Sequential estimation technique

SET was used to determine the minimum number of trials required to reach a stable data average within 40 steps. It was evident that different variables may present different distribution over time (Fig. 4A), therefore influencing the minimum number of steps required to reach stability. Furthermore, Fig. 4A—right panels, illustrate the within parameter variability of one illustrative runner, where sequential estimation shows how increasing the total number of steps analyzed decreased the within step variability and increases parameter stability. An evaluation across all 44 runners demonstrated that the average number of steps to reach stability ranges from 15 ± 8 (peak braking force) to 20 ± 7 (foot contact time). Moreover, the inter-subject variability is high across all variables and conditions (Fig. 4B), in which the 75th percentile is above 20 trials across all variables. The percentage of runners requiring 10 or fewer steps to reach stability is below 30% of the overall sample of runners (Fig. 4C), and this number is variable dependent on the variable. Most of the running variables require 15 to 20 steps to reach stability. It was determined that at least 20 steps are needed to reach more than 50% of the sample of runners with a stable average.

Figure 4
figure 4

Illustration of sequential estimation to determine the number of steps needed to achieve stability from 10 (left) and 40 runners (right) during both normal (black) and silent running (red). (A) Within parameter variability of a representative runner (left) and sequential estimations (right) for loading rate (LR), peak braking force (BKF), and foot contact angle (ANG). (B) Box plots represent 25th and 75th percentiles, and data range (dashed vertical lines) for multiple parameters (foot contact time—FCT, loading rate—LR, peak vertical force—PKF, peak braking force—BRK, running speed—VEL, foot contact angle—ANG). (C) The linear plots illustrate parameter variability and the percentage of participants as well as the number of steps required to achieve stability across both normal and silent running.

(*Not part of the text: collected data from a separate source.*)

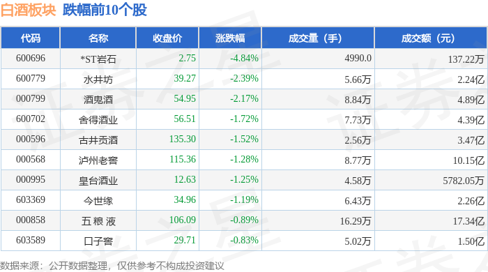 白酒板块1月15日跌0.77%,*ST岩石领跌,主力资金净流出11.52亿元
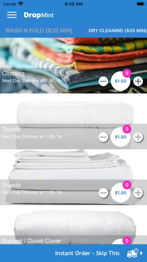 Use the DropMint app to schedule a convenient pickup and delivery at a time and place that works best for you
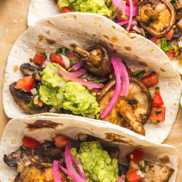Mushrooms with pico de gallo, creamy guacamole, and crunchy quick pickled onions.
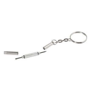 Kompaktes Brillenreparaturset in transparenter PP-Box. Enthält ein Reinigungstuch aus 100 % RPET-Mikrofaser (220 g / m²) und einen Mini-Schraubendreher mit Schlüsselring. Tuchgröße: 18 x 15 cm.
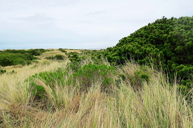And I took this picture looking over sea grass. Parts of Bandon can be seen across the river. We were on our way to walk out the North Jetty.
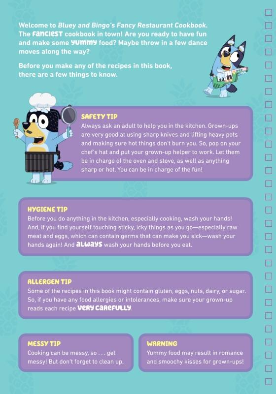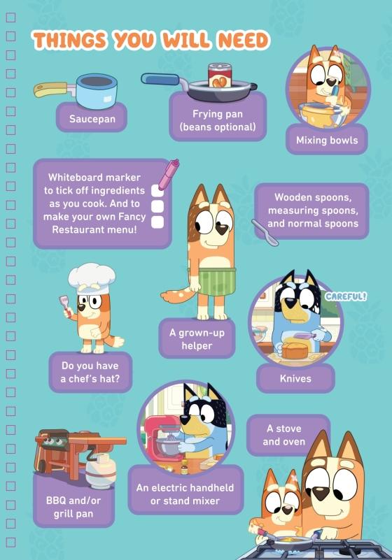 A deliciously fun cookbook perfect for fans of the wildly successful animated series Bluey, as seen on Disney+Learn how to make yummy food with Bluey and Bingo! Bake some Shadowland Cupcakes, make BBQ Sausages, Capsicum Salad, or write your very own Fancy Restaurant menu! This spiral bound cookbook includes 13 fun recipes to cook for everyone to enjoy, and lays flat to make it easy to read.
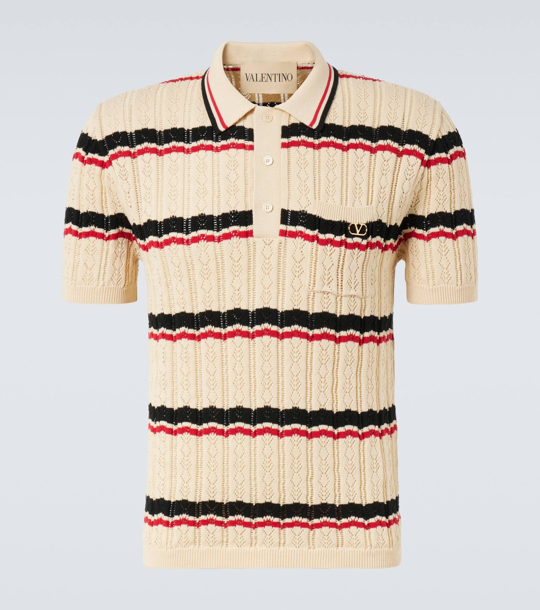 At once iconic and understated, Valentino Garavani's VLogo carries the Maison's legacy of elegance. This polo shirt is crafted from pointelle-knit cotton with stripes and features the iconic motif. Product Details - Material: 100% cotton - Care instructions: dry clean - Made in Italy - Designer color name: Burro/Nero/Carminio - Item color: beige, black, red - Hardware color: gold - Collar: polo collar - Contains non-textile parts of animal origin - Item number: P01041269 Size & Fit - True to size - Slim fit - Stretchy fabric - Falls to the hip - Height of model is 189cm-74.5" and wears a size L
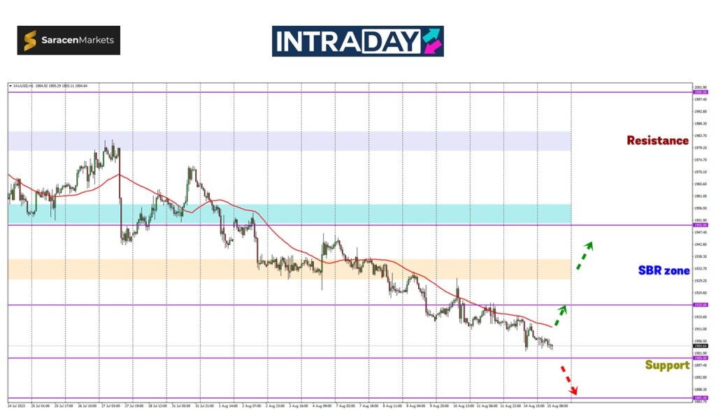 Harga emas dijangka akan menguji zon penting pada 1900.00 atau berkemungkinan tembus lebih rendah lagi hari ini.
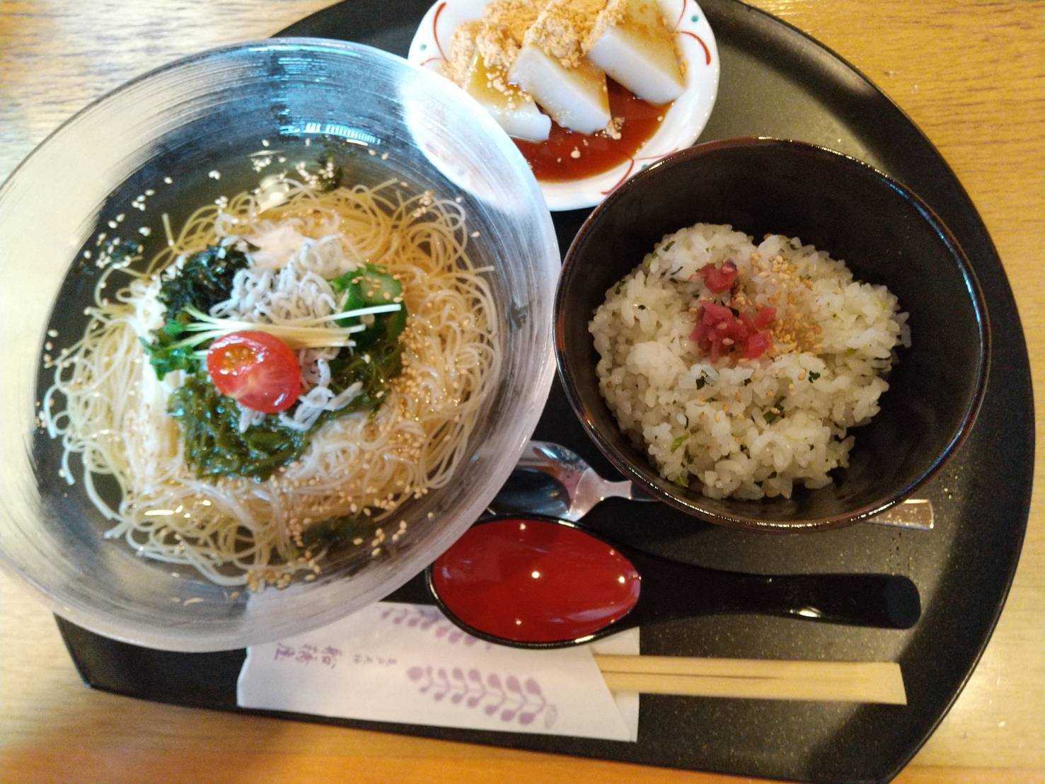 柴又駅前の船橋屋で素麺とくず餅セットでランチしました
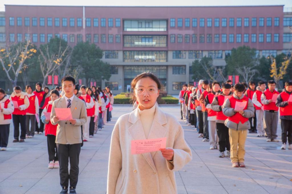 12月4日清晨,师生代表齐聚校园,以庄严仪式迎接“国家宪法日”。晨光中,朗朗诵读声响起,青年学子齐声朗读宪法条文,深刻感悟宪法精神。全体师生面向国旗庄严宣誓,“忠于中华人民共和国宪法,维护宪法权威”的誓言响彻校园。仪式上,师生在主题横幅上郑重签名,承诺自觉践行宪法精神,并齐声高唱《宪法伴我们成长》,在激昂旋律中让法治信仰深植于心。
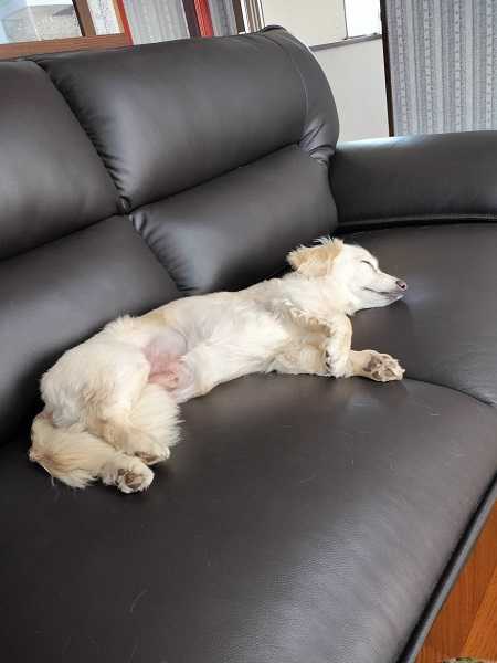 ソファーの上でお昼寝中・・・

Data distribution—10 vs 40 runners

Figure 5 demonstrates that using 10 runners can drastically influence the representation of the data for both conditions, compared to 40 runners. Box plots, median values, and range across random sub-samples vary substantially when only using 10 runners, and this effect is substantially reduced using 40 runners.

Figure 5
figure 5

Illustration of 25 subsamples containing foot contact time (FCT) from 10 (left) and 40 runners (right) during both normal and silent running. Box plots represent 25th and 75th percentiles, and data range (dashed vertical lines). The 25 subsamples were randomly selected from 100,000 paired samples generated for further analysis.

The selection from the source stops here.